From VistA EMR Community: Would like to collaborate on synthetic patient data

Hello there,

I am Sam Habiel, Pharm.D.; Technical Fellow at the Open Source Electronic Health Record Alliance (OSEHRA). I met Tony McCormick at the OSEHRA Summit this year.

Tony told me about the project to create synthetic patients using NHANES data. I am interested as that will help us produce educational and demo instances of VistA. Lack of good demo data is a big issue for our community. I saw that there is big thread on the topic here. If somebody can summarize where you are at right now and how outsiders can contribute, I would appreciate it.

I have another project that I would like collaboration on: I and others in an organization called WorldVistA–are working on creating a public domain high quality drug interactions set. We have made several releases. The latest can be found here: You may find this data useful for your EMR. If you would like to use it and support us in maintaining the data, we will be happy to collaborate.

–Sam Habiel, Pharm.D. Technical Fellow OSEHRA


Hi Sam, We are using the NHANES data set to create simulated patients. There are 9000+ records created on username/password admin/password If you want to check it out.

In addition Dr. Hoyt has been manual creating some more detail patient histories (10 or so at the moment.)

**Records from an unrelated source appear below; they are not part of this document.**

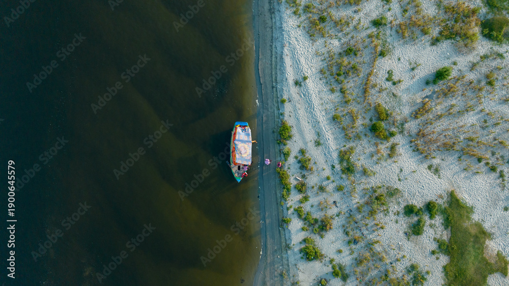 Naklejka do Sypialni - Aerial drone view of the Yamuna River flowing through Mathura, showcasing calm waters,... #1900645579
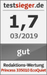 Insgesamt hat uns der Princess EcoQuiet gefallen. Die Verarbeitungsqualität liegt in einem ordentlichen Bereich. Die Bedienung hat uns vor keine Probleme gestellt und die Funktasten am Griff sind ein echtes Highlight. Die Saugleistung muss sich nicht verstecken. Feine und gröbere Verschmutzungen nimmt der Princess auf Teppich- und Hartböden gut auf. Einzig mit sehr großem Schmutz hat die Düse Probleme, wie unser Härtetest mit Kaffeebohnen zeigt. Auf Teppich macht der Staubsauger in puncto Lautstärke seinem Namen alle Ehre. Auf Hartböden steigt die Lärmbelästigung jedoch deutlich an. Die Umwelteigenschaften haben uns gut gefallen. Damit können wir insgesamt eine Kaufempfehlung aussprechen.
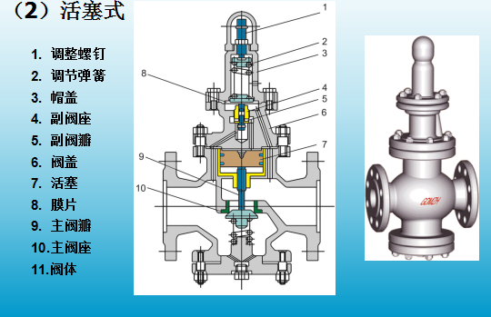 (b)先导式:由主阀和导阀组成,出口压力的变化通过导阀放大控制主阀动作;
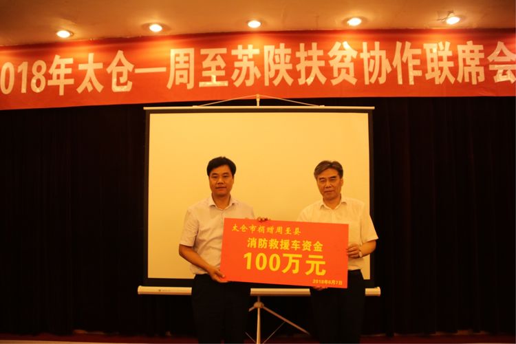 会上,还进行了捐赠和签约仪式。太仓市向周至县捐赠消防救援车资金100万元。太仓市高新区管委会分别与周至县集贤产业园区管委会签署了"区中园"共建框架协议,与周至县西部智能装备产业园区管委会签署了友好合作协议;两地科技、民政、住建、商务等部门签署了友好协作协议。
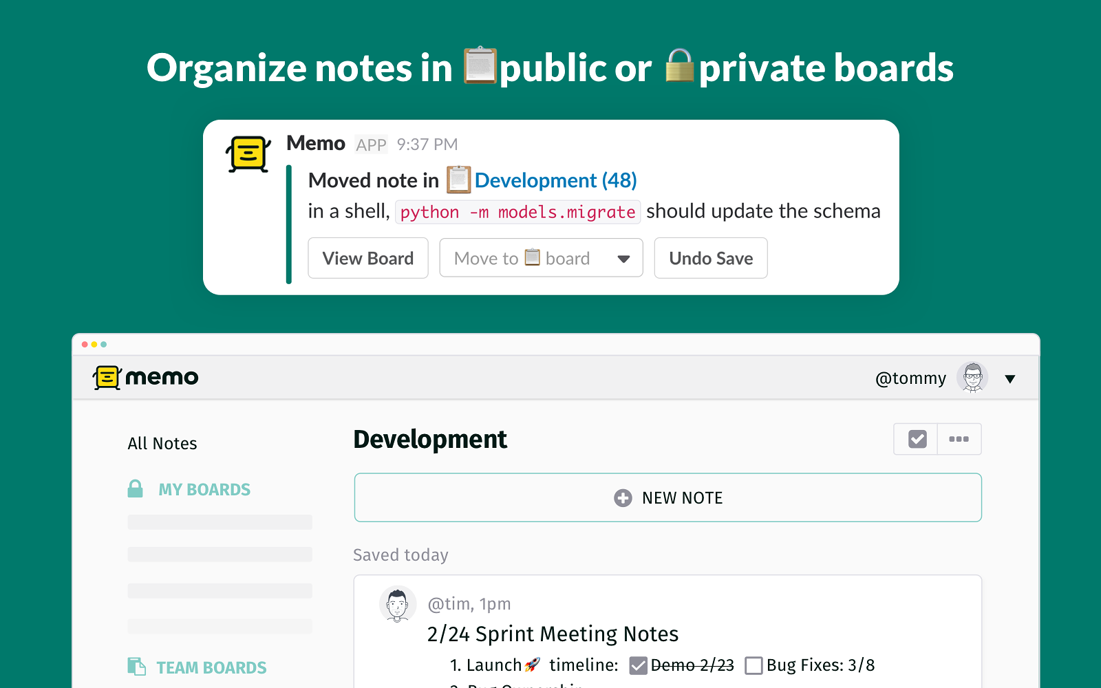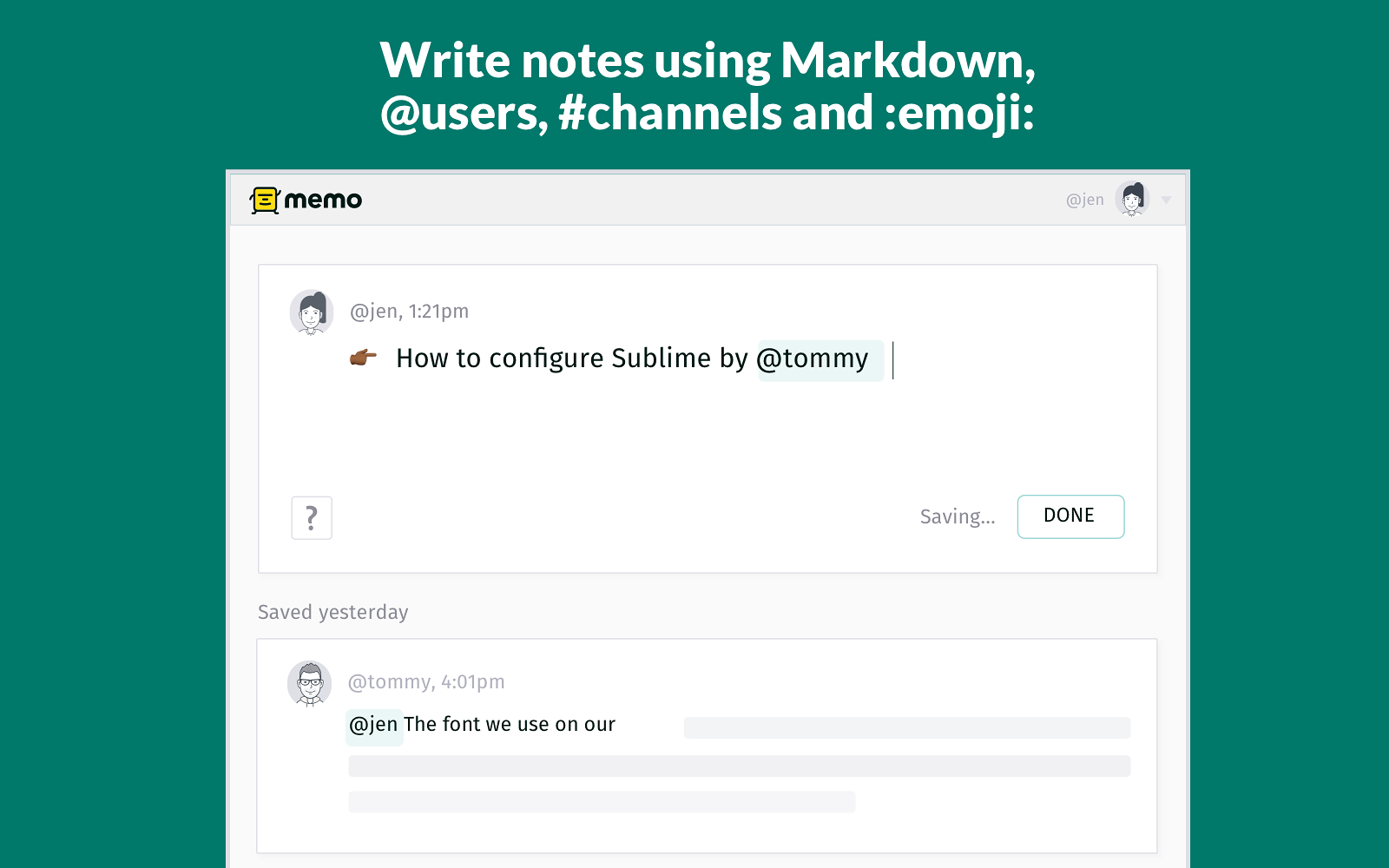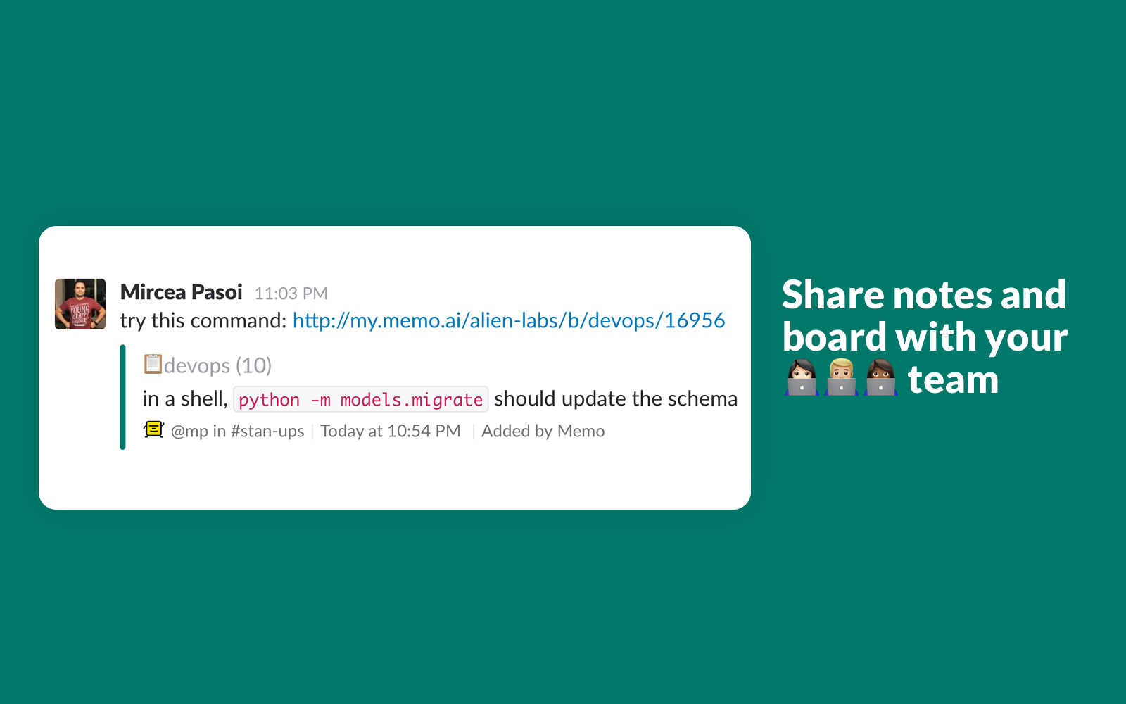 Sign InWith Memo it’s quick and easy to save and find code snippets, meeting notes, links, Slack messages, or other short work notes – right inside Slack or on the web. Notes can be kept private or shared with anyone on your team!
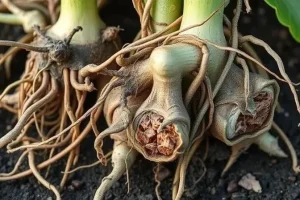 | Корневая гниль | Потемнение и размягчение корней, увядание растения | Корни | Переувлажнение почвы, заражение через почву |
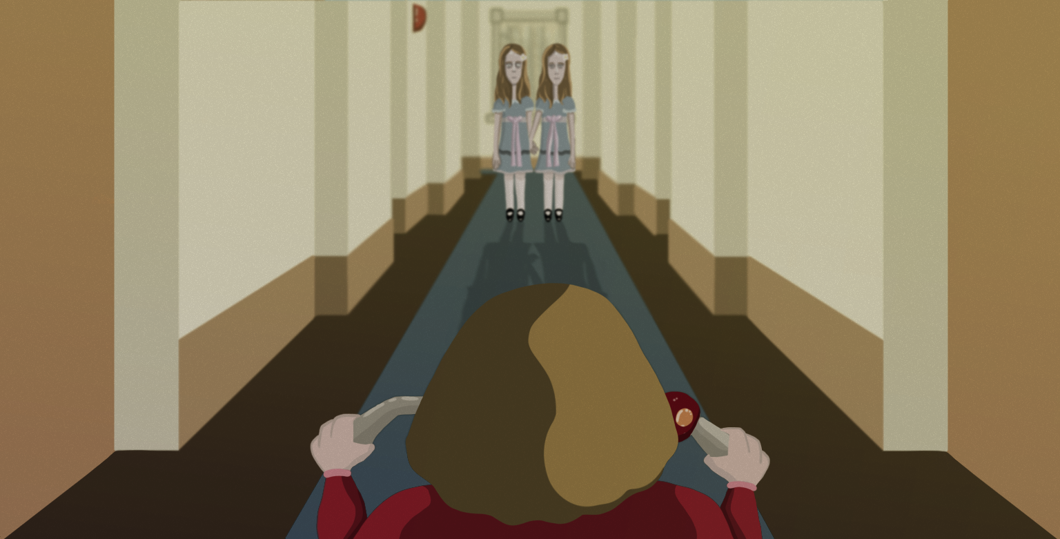 Dependiendo del espacio donde se nos presenta a un personaje, podemos hacernos una idea sobre quién es y qué problemas tiene o tendrá en el futuro. Esto aplica para la mayoría de las películas, por ejemplo, la primera escena de La la land (Damien Chazelle, 2016) nos presenta a Mia atrapada en el tráfico preparando una audición, atascada porque todos van en la misma dirección. Situación que refleja el conflicto interno de Mia: quiere ser actriz, pero muchas más personas buscan el mismo camino. Kubric, con un pensamiento similar, nos presenta al resto de nuestros protagonistas (Wendy y Danny) en la comodidad del comedor de su casa, en medio de su cotidianidad. Donde no solo están en control del espacio —al punto de que Wendy tiene las piernas recogidas sobre la silla—, sino que el dejar ese lugar les traerá problemas en el futuro, problemas que se plantean mediante las acciones de los personajes y sus diálogos, en este caso son dos verbos: comer y jugar. Wendy se enfrentará a la otra cara de Jack cuando intente llevarle algo de comer y Danny pasará por lo mismo cuando se vea obligado a volver a la habitación que comparten en el hotel para buscar un juguete. Ambas desencadenarán en conflicto y son el producto de que los personajes se encuentran en un lugar ajeno: el fantasma de sus problemas futuros se establece en el espacio donde se supone deben sentirse seguros porque no volverán a sentirse seguros estando en otro lugar.
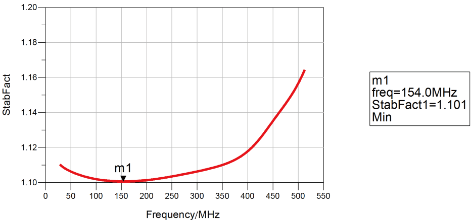 电阻直接负反馈技术是实现宽带功放比较常用的技术,本方案中通过在漏栅极加入电阻直接负反馈网络来提高电路的稳定性,并且在栅极端加入对地电阻与电容,进一步优化整个频带内增益平坦度和阻抗匹配,同时也改善稳定性。加入稳定电路后,稳定系数仿线 稳定系数仿真结果图
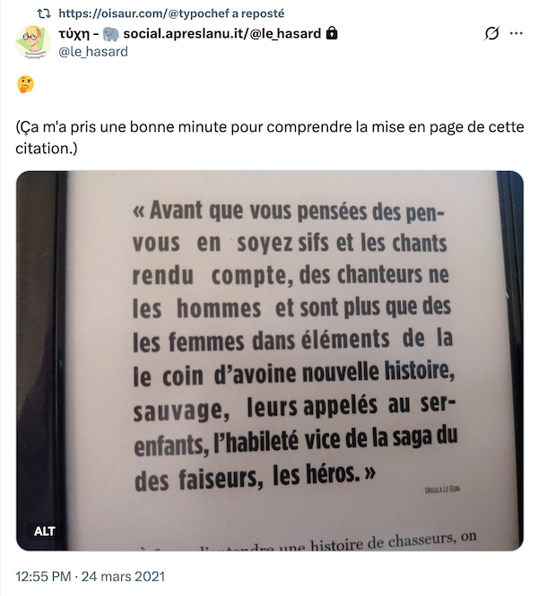 Visualisez bien ce que vous avez entre les mains. La mise en page très particulière à ce type de support est la même que celle utilisée ici, mais de manière un peu fourbe parce que les espaces ont été diminués.
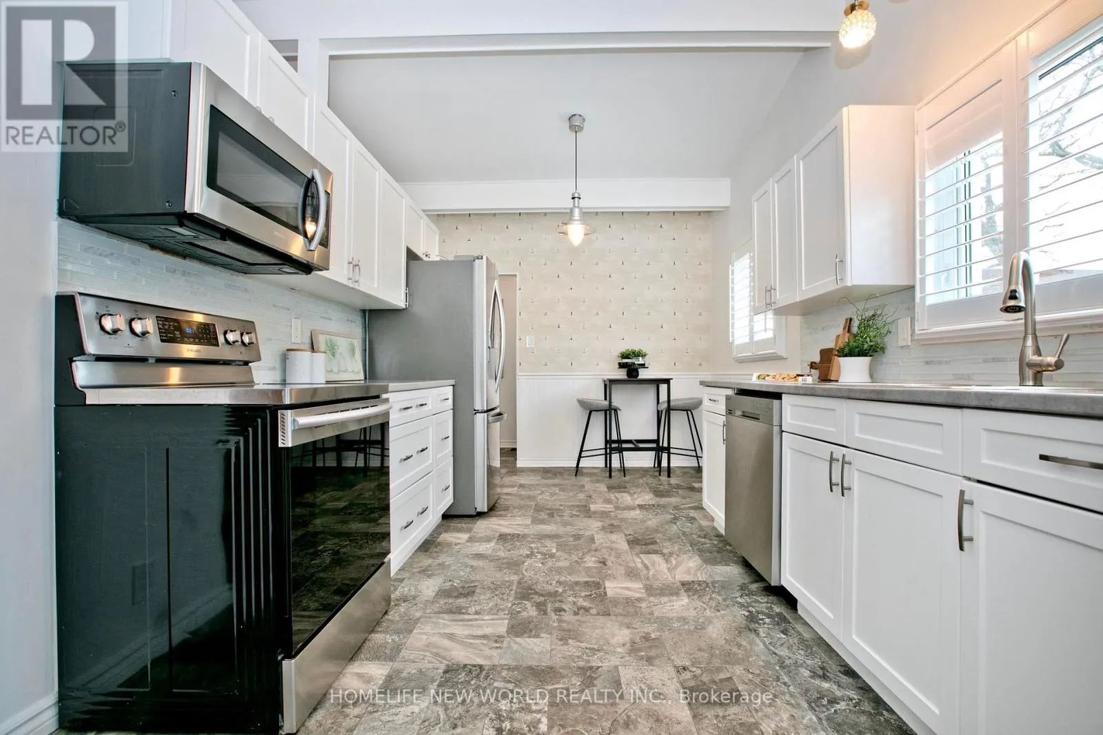 Liverpool/Annland Don't miss this great opportunity to own your dream home. This Fabulously Semi Detached Backsplit 3 house is on the much sought after Annland Street of the Bay Ridges community in Pickering. Enjoy an unbeatable beachside lifestyle with easy access to the GO station, beach, marina, waterfront trails, gas stations, stores, restaurants, and more. This lovely house features a large living room, a dining area with impressive cathedral ceiling, and a bright family size kitchen. The basement with gas fireplace was being used as en suite master bedroom, but can certainly be used as recreation room or guest room. Brand new flooring in all 3 spacious bedrooms; Brand new full bathroom at lower level giving extra convenience; Fresh painting in the entire house. Easy access to side deck and fully fenced backyard provides comfortable space for outdoors enjoyment. Numerous items have been upgraded in the last 5 years or so, including kitchen, appliances, air conditioner, furnace, electrical panel, driveway, roof, deck, fence, custom front door and side door, stylish brick wall In the living room, interlock in the front patio, retaining wall, etc. The driveway is big enough to park 6 cars. (id:27476)

I have scripts which download and parse the 2011-2012 NHANES datasets, then create patients records with demographics, problem lists, medications, a few labs and other things like smoking, alcohol, race, income.

It should be possible to use the same data to create records in VistA, the key issue to solve would be the interface to create the records.

Because LibreEHR is web based, my scripts are simulating browser activity to create records by mimicking the same actions a human would to manually enter the data.

One big question is what we need to accomplish to secure additional funding/resources to sustain this effort.

1 Like

Thank you Kevin.

I actually will be writing M code to add the data directly into VistA. Can you share the scripts with me? We tried using runnable scripts for other projects and they just take too long for a Continuous Integration pipeline, which is what we are aiming for.


1 Like

It’s nodejs code, not well documented yet but shared on github.

I can also share database dumps/csv files of the NHANES data.

1 Like

Thank you.

Where’s the code that reads the NHANES files?


I am using R to load the NHANES data and converting them to .csv

This part of my scripts uses the command line to load the files and make .csv files.

I can send you the .csv files as a .zip if you want. Probably simpler.

1 Like

Let’s do that. .zip will be good.

1 Like

The “pieces” of this process, are as follows.

  1. Web crawler which downloads the data files from the CDC and a conversion step from SAS to .csv (resulting in the .zip file contents)

  2. Scripts which load the .CSV files into MySQL/MariaDB. (1 to 1 mapping of the .csv files to database tables/columns)

  3. Code which translates the database representations into JavaScript object This maps the “numeric values” from the CDC data into things like problem lists For example, based on yes/no (1/2) answers to parts of the questionnaire for each respondent, we build problem lists.

  4. Code which then uses these JavaScript objects and “applies them” to the EHR Example here is a form post to create the patients


You are a good elucidator! Thank you.